This post continues our look at what it means to be proactive and reactive with respect to your data pipelines and metadata. I give advice on how to manage their trade-offs and get the best of both approaches.
I ended Part 1 saying that moving dataset and dashboard descriptions closer to the source helps keep them more up to date. As a reminder, here’s the high-level diagram of what this looks like:
However, if you’d like to enable less technical people at your organization to contribute their knowledge back into the catalog, this setup often excludes them from doing so. This can create a ghost town when business users who have useful information about a dataset realize they and their peers cannot improve the catalog, and then have less incentive to come back to a tool that will not adapt to their needs. Introducing a metadata layer that’s editable from a UI helps solve this problem:
This can be accomplished by a tool like Stemma, or even a headless CMS like Netlify CMS, which lets less technical users commit their changes to Git when editing descriptions. However, a setup like this has a greater chance of getting out of sync with the underlying data, because now the source of the data and the source of its description live in two separate places. You need strong (automated) processes or a culture of keeping descriptions updated for this to work.
Moreover, in real life things aren’t usually this simple. You might have Snowflake as your data warehouse, perform transformations using DBT, and maybe even want to plug data into your catalog from an external system through an API.
When your metadata comes from several different places, the descriptions can occasionally contradict each other.
To resolve this, you might approach the problem in a few different ways.
- You can display everything. Stemma supports this but we find it's usually not the way to go for our customers. Although it is the simplest method to implement, it makes the UI more complex, and makes it harder to treat the data catalog as a source of truth. Imagine, for example, if the description coming from DBT contradicts the one added from the UI.
- Establish a resolution strategy. This can be a static priority list (which is what we use by default at Stemma), where you rank your metadata sources according to their trustworthiness, and if a high priority source has metadata, you only display that. When it doesn't, you can fall back to lower priority sources.
- You can try more complex resolution strategies, such as one based on freshness or user roles. However, the more fancy your strategy is, the harder it is to understand, so we recommend sticking with a clear priority list.
The reactive side of the same coin involves handling descriptions gone awry. This can be done through change management (more on that in the next section), and by surfacing missing descriptions.
Having an overview of how many descriptions are missing (per database or even more granularly) helps you fill in the gaps when the proactive approach fails. You can use this overview to understand how healthy your catalog is. Also, if you want to create a good experience for all users, it can help you find remaining datasets that need to be documented.
In any reasonably sized data infrastructure, changes can take many forms and can be painful to detect and debug. This is especially true if multiple layers of your data architecture have information about your datasets’ structure. This is when having reliable lineage becomes important.

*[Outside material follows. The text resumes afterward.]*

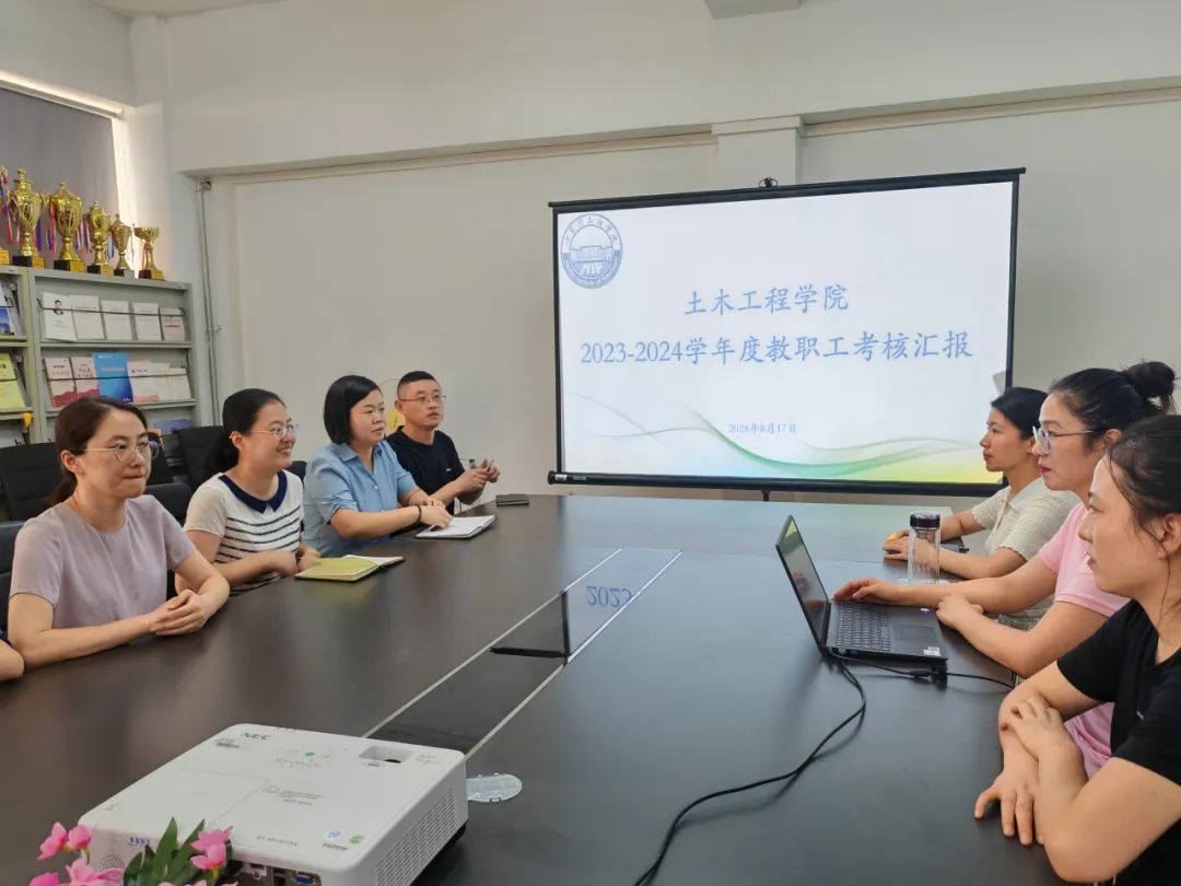 星光荏苒,白驹过隙。一个学年已悄然溜走,为客观、公正地综合评价土木工程学院教职员工的德能勤绩,总结过去的工作成果,规划未来的发展方向,着力提高人才培养质量,进一步推进学院各项工作稳步向前,根据《欧博abg游戏登录入口教职员工度考核办法(试行)》的有关规定及学院工作实际,2024年8月17日上午,土木工程学院在第二教学楼50B会议室召开2023-2024学年度教职工考核工作会议,会议由院长盖晓连主持,刘强书记、荆明野副院长,及学院全体教职工参加考核述职。

You can manage changes in a proactive way, by notifying downstream users ahead of time that a table’s structure or meaning is about to change. Stemma allows you to view a table’s lineage, and notify the owners and frequent users of those tables that a change is happening.
Lineage also helps a lot on the reactive end of the spectrum. When a bug is introduced, you can trace it back through the upstream tables, and the dependency graph tells you where to look.
There are other proactive ways a tool like Stemma can help you manage changes:
- Use a shared glossary for common terms.
For instance, if the range of values or the meaning or ‘user_id’ changes, you don’t have to manually update every table that has this column.
- Link table and column descriptions.
This feature works similarly to the glossary, but without creating an explicit definition. This way you can have a ‘source of truth’ table, and all tables deriving from that can share its descriptions.
Proactive change management is important for metadata, not just the data itself. Handling it in a DRY (don’t repeat yourself) fashion is one of the best ways to minimize human error and make sure your descriptions aren’t out of date.
And finally, much of this depends on your organization’s structure – do data scientists write ETL jobs? Do you use DBT? Are only data engineers responsible for ops, or is everyone responsible for the data they produce? You can only set your data catalog and discovery up for success if you tailor it to how your company works.
- The reactive way of handling things has its place, and that is after the proactive approach fails. You should do everything to widen the scope of what you can do proactively, but have reactive processes in place to resolve incidents.
- Keep all the metadata you can, but be conscious of the potential for conflicting sources and have a method for resolving them.
- Track lineage for both proactive and reactive approaches to change management. The more clearly you can communicate with downstream users, the better you can spare them from nasty surprises. Lineage can also help automate documentation or reactively debug issues that inevitably occur.